Task data:
========================================================================

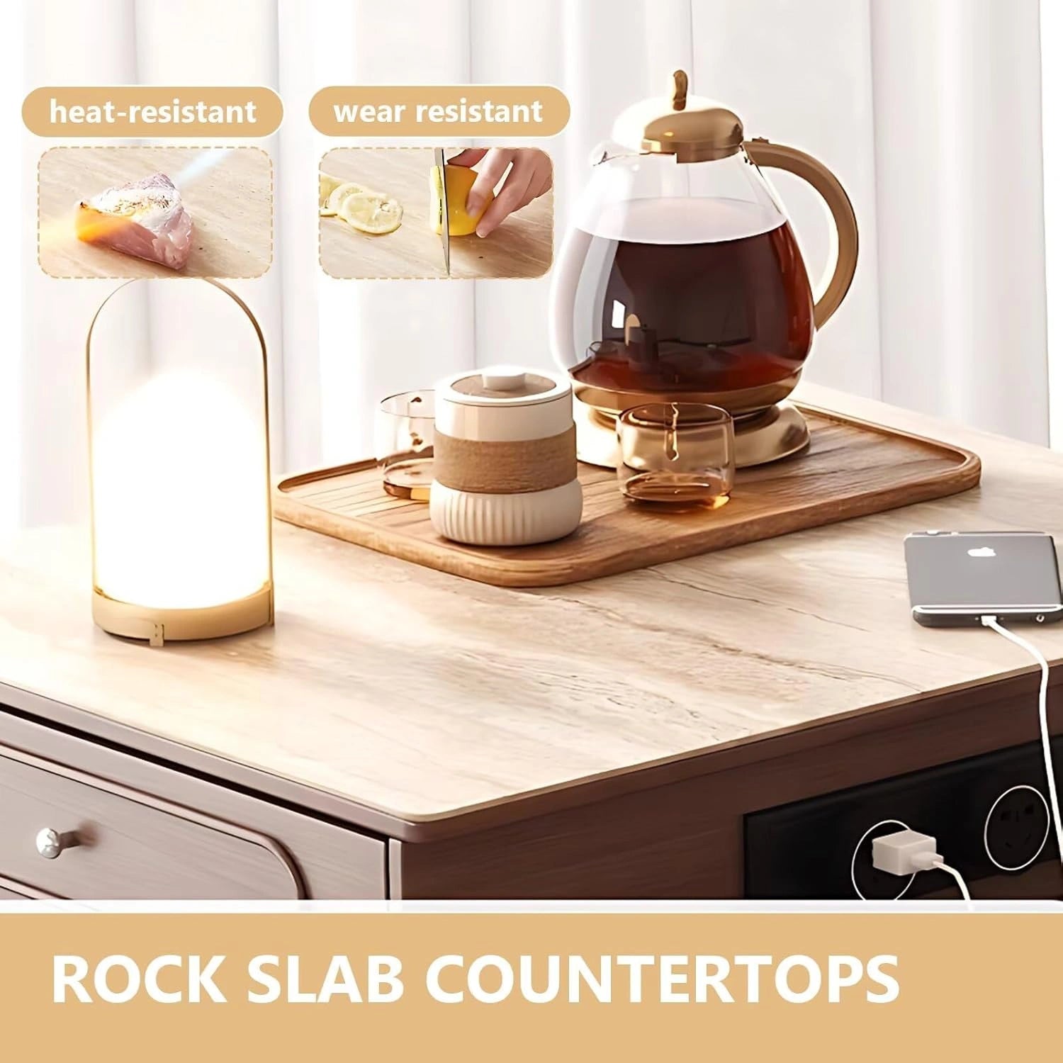Sturdy & Durable Materials: The tabletop is crafted from high-hardness rock slab for excellent deformation resistance. The cabinetry is made of solid wood with outstanding load-bearing capacity, and the glass doors are crystal clear, aesthetically pleasing and highly sturdy.
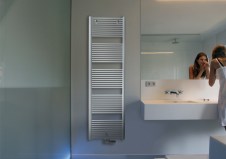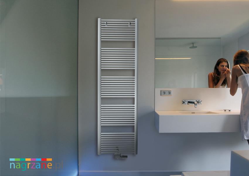 Dodatkowo, grzejnik występuje w dwóch wariantach - z prostymi profilami grzewczymi oraz lekko wygiętymi. Warto wspomnieć, że Malva występuje we wszystkich kolorach oferowanych producenta. W komplecie z grzejnikiem znajdują się zawiesia ścienne. Ich barwa zależy od wybranego koloru grzejnika - jeśli jest biały, zawiesia będą białe, w przypadku innych zabarwień kaloryfera będą chromowane. Kaloryfer jest podłączany za pomocą wejścia dolnego środkowego z rozstawem osi 50 mm oraz dolnego standardowego.
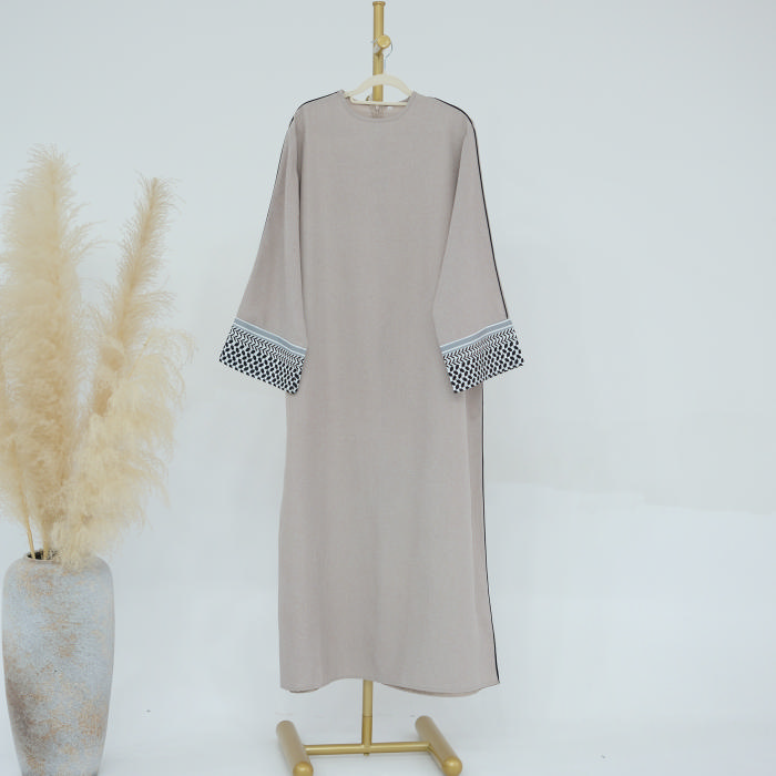 (Real Image)2024 Styles Women Muslim Tassel Long Sleeve Patchwork Elegant DressSKU: #CF99025-1
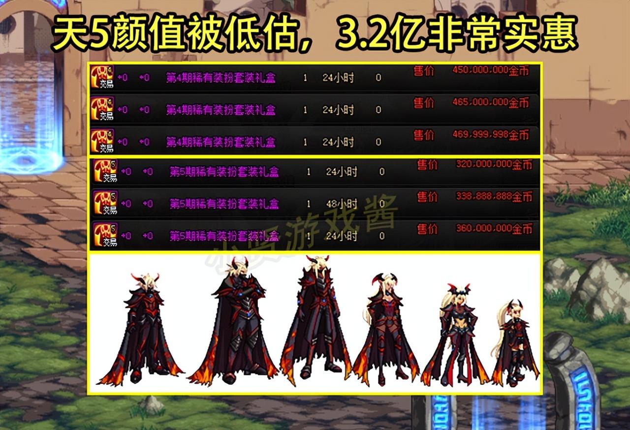 首先,作为国服的第一套天空冥域天空,目前拍卖拥有的数量非常稀少,售价为11~12亿之间,虽说天1很有纪念价值,屎壳郎、鸟人套很经典,但是这个价格肯定是不值得购买的,6~7亿可以考虑。
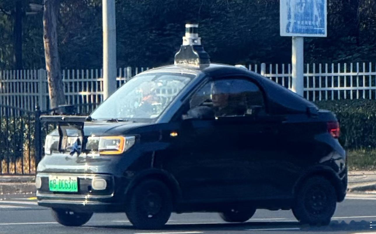 一个有点神奇的ADAS测试车,宏光MINI EV敞篷版改的硬顶,分别在车顶、车头安装传感器。所以这是哪家公司的测试项目?新能源汽车
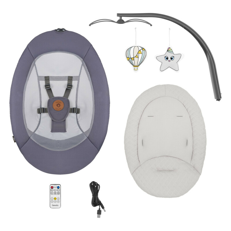 Lionelo Ralf оснащена широким сидінням відповідної форми, голова малюка фіксується м'якою подушкою. У разі забруднення оббивку можна легко зняти і випрати, а сам виріб легко переносить з кімнати в кімнату завдяки невеликій вазі.
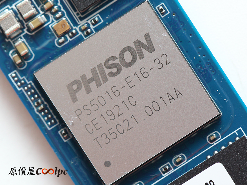 主控晶片使用PHISON PS5016-E16-32,支援PCIe Gen4x4、NVMe 1.3、3D NAND TLC,正反面共使用4顆TABHG65AWV NAND FLASH,記憶體部分使用2顆DDR4 8G SK hynix H5AN8G8NAFR、78ball FBGA,電源管理晶片使用PHISON PS6106-22。
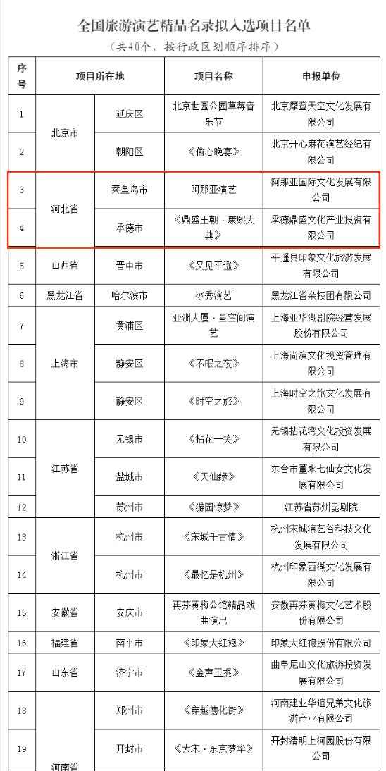 近日,文化和旅游部产业发展司发布《关于全国旅游演艺精品名录拟入选项目名单的公示》,我市《鼎盛王朝·康熙大典》项目入选。
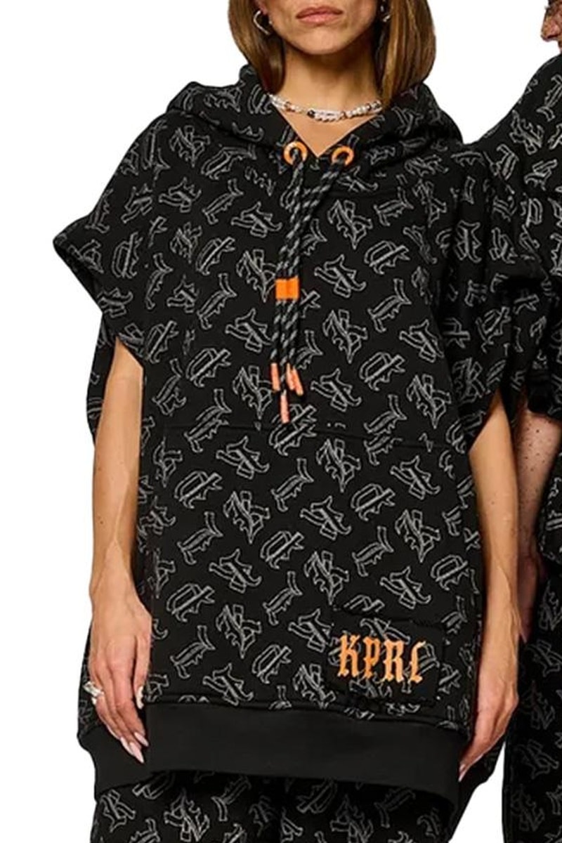Sweater met capuchon en trekkoorden met korte mouwen.
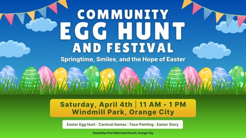 We’re excited to share that this year our church is taking over the Community Easter Egg Hunt from the Orange City Chamber! Join us on April 4 from 11:00 a.m. to 1:00 p.m. at Windmill Park for a fun morning for the whole family.
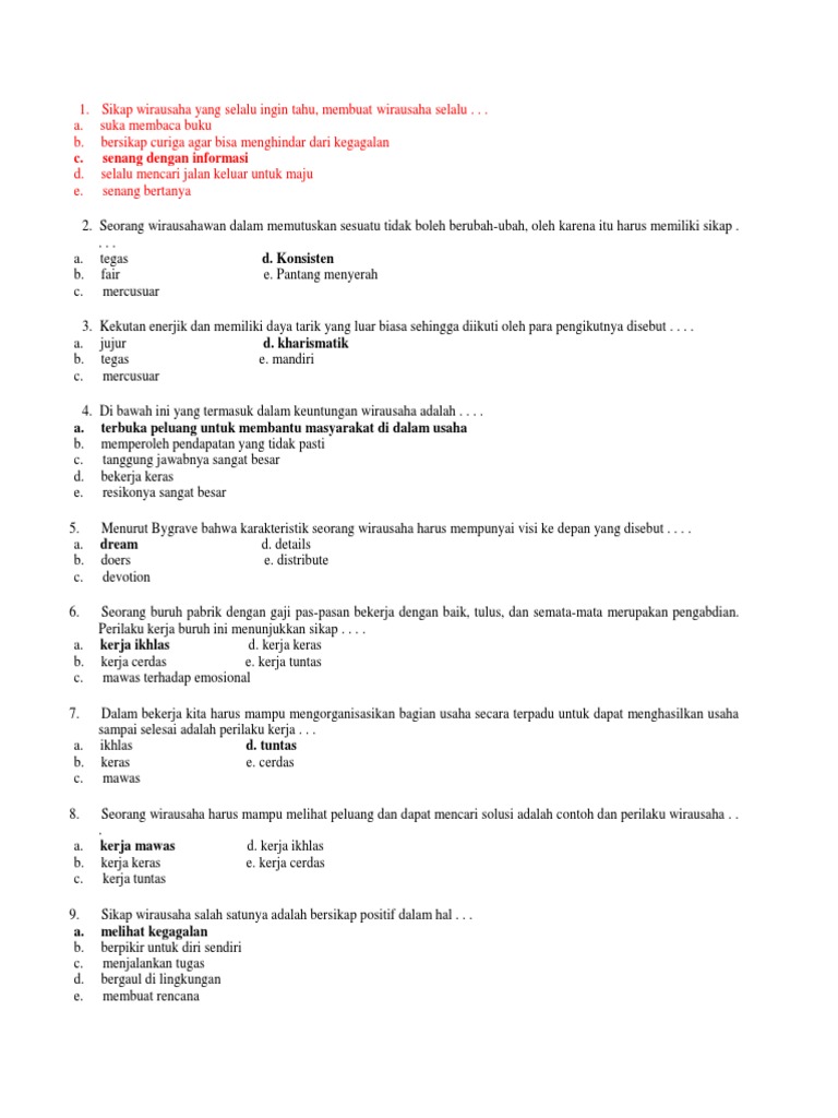 Soal Latihan Kewirausahaan Kelas 10 Beserta ... - PRAKATA Kita Salah satu syarat menjadi wirausahawan yang baik dan sukses adalah….. a. Berpikir luas ... Yang bukan salah satu penyebab gagalnya seorang pelaku bisnis dalam menjalankan ... Factor yang bukan mendukung keberhasilan usaha adalah….. a. prestatif b. ketergantungan
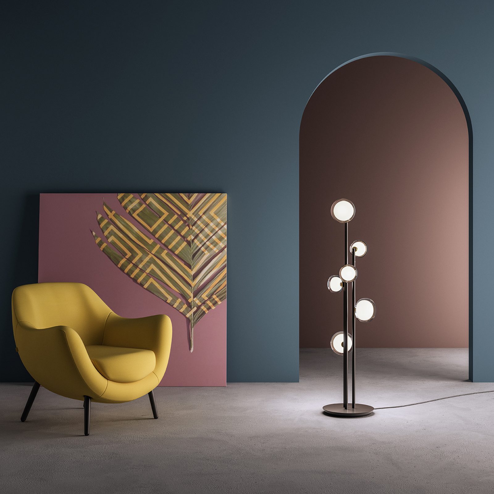 50s inspired collection of elegant and sophisticated lamps representing the detail to enrich any location. A double-sided spherical bright object in borosilicate glass makes these lamps available in different compositions and a structure made by metal coated with epoxy powder enriched with brushed brass or black chrome details. Different varieties are available for any situation: chandeliers (in five different models) or table lamp, bedside (smaller), floor or wall (available in three different models for single or composite personalized installation). Richness and sobriety all in one single element.
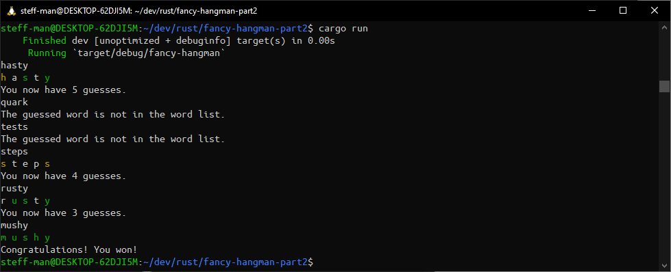 Last time we created a simple Rust CLI program that somewhat represents a wordle like game. To achieve that, we learned how to read user input from the terminal, process a String and evaluate the input against a solution. However, it would be much more interesting to have the program choose from a preferably external big pool of words instead of hardcoding the solution. For fairness, the player should also receive a message that tells him whether the word guessed in these attempts are even part of the dictionary underneath and a failed guess should not count towards his attempts.

========================================================================

Problem statement: Return the entries exactly as given. Do not include pictures.

Answer to this task:
Sturdy & Durable Materials: The tabletop is crafted from high-hardness rock slab for excellent deformation resistance. The cabinetry is made of solid wood with outstanding load-bearing capacity, and the glass doors are crystal clear, aesthetically pleasing and highly sturdy.
 Dodatkowo, grzejnik występuje w dwóch wariantach - z prostymi profilami grzewczymi oraz lekko wygiętymi. Warto wspomnieć, że Malva występuje we wszystkich kolorach oferowanych producenta. W komplecie z grzejnikiem znajdują się zawiesia ścienne. Ich barwa zależy od wybranego koloru grzejnika - jeśli jest biały, zawiesia będą białe, w przypadku innych zabarwień kaloryfera będą chromowane. Kaloryfer jest podłączany za pomocą wejścia dolnego środkowego z rozstawem osi 50 mm oraz dolnego standardowego.
 (Real Image)2024 Styles Women Muslim Tassel Long Sleeve Patchwork Elegant DressSKU: #CF99025-1
 首先,作为国服的第一套天空冥域天空,目前拍卖拥有的数量非常稀少,售价为11~12亿之间,虽说天1很有纪念价值,屎壳郎、鸟人套很经典,但是这个价格肯定是不值得购买的,6~7亿可以考虑。
 一个有点神奇的ADAS测试车,宏光MINI EV敞篷版改的硬顶,分别在车顶、车头安装传感器。所以这是哪家公司的测试项目?新能源汽车
 Lionelo Ralf оснащена широким сидінням відповідної форми, голова малюка фіксується м'якою подушкою. У разі забруднення оббивку можна легко зняти і випрати, а сам виріб легко переносить з кімнати в кімнату завдяки невеликій вазі.
 主控晶片使用PHISON PS5016-E16-32,支援PCIe Gen4x4、NVMe 1.3、3D NAND TLC,正反面共使用4顆TABHG65AWV NAND FLASH,記憶體部分使用2顆DDR4 8G SK hynix H5AN8G8NAFR、78ball FBGA,電源管理晶片使用PHISON PS6106-22。
 近日,文化和旅游部产业发展司发布《关于全国旅游演艺精品名录拟入选项目名单的公示》,我市《鼎盛王朝·康熙大典》项目入选。
Sweater met capuchon en trekkoorden met korte mouwen.
 We’re excited to share that this year our church is taking over the Community Easter Egg Hunt from the Orange City Chamber! Join us on April 4 from 11:00 a.m. to 1:00 p.m. at Windmill Park for a fun morning for the whole family.
 Soal Latihan Kewirausahaan Kelas 10 Beserta ... - PRAKATA Kita Salah satu syarat menjadi wirausahawan yang baik dan sukses adalah….. a. Berpikir luas ... Yang bukan salah satu penyebab gagalnya seorang pelaku bisnis dalam menjalankan ... Factor yang bukan mendukung keberhasilan usaha adalah….. a. prestatif b. ketergantungan
 50s inspired collection of elegant and sophisticated lamps representing the detail to enrich any location. A double-sided spherical bright object in borosilicate glass makes these lamps available in different compositions and a structure made by metal coated with epoxy powder enriched with brushed brass or black chrome details. Different varieties are available for any situation: chandeliers (in five different models) or table lamp, bedside (smaller), floor or wall (available in three different models for single or composite personalized installation). Richness and sobriety all in one single element.
 Last time we created a simple Rust CLI program that somewhat represents a wordle like game. To achieve that, we learned how to read user input from the terminal, process a String and evaluate the input against a solution. However, it would be much more interesting to have the program choose from a preferably external big pool of words instead of hardcoding the solution. For fairness, the player should also receive a message that tells him whether the word guessed in these attempts are even part of the dictionary underneath and a failed guess should not count towards his attempts.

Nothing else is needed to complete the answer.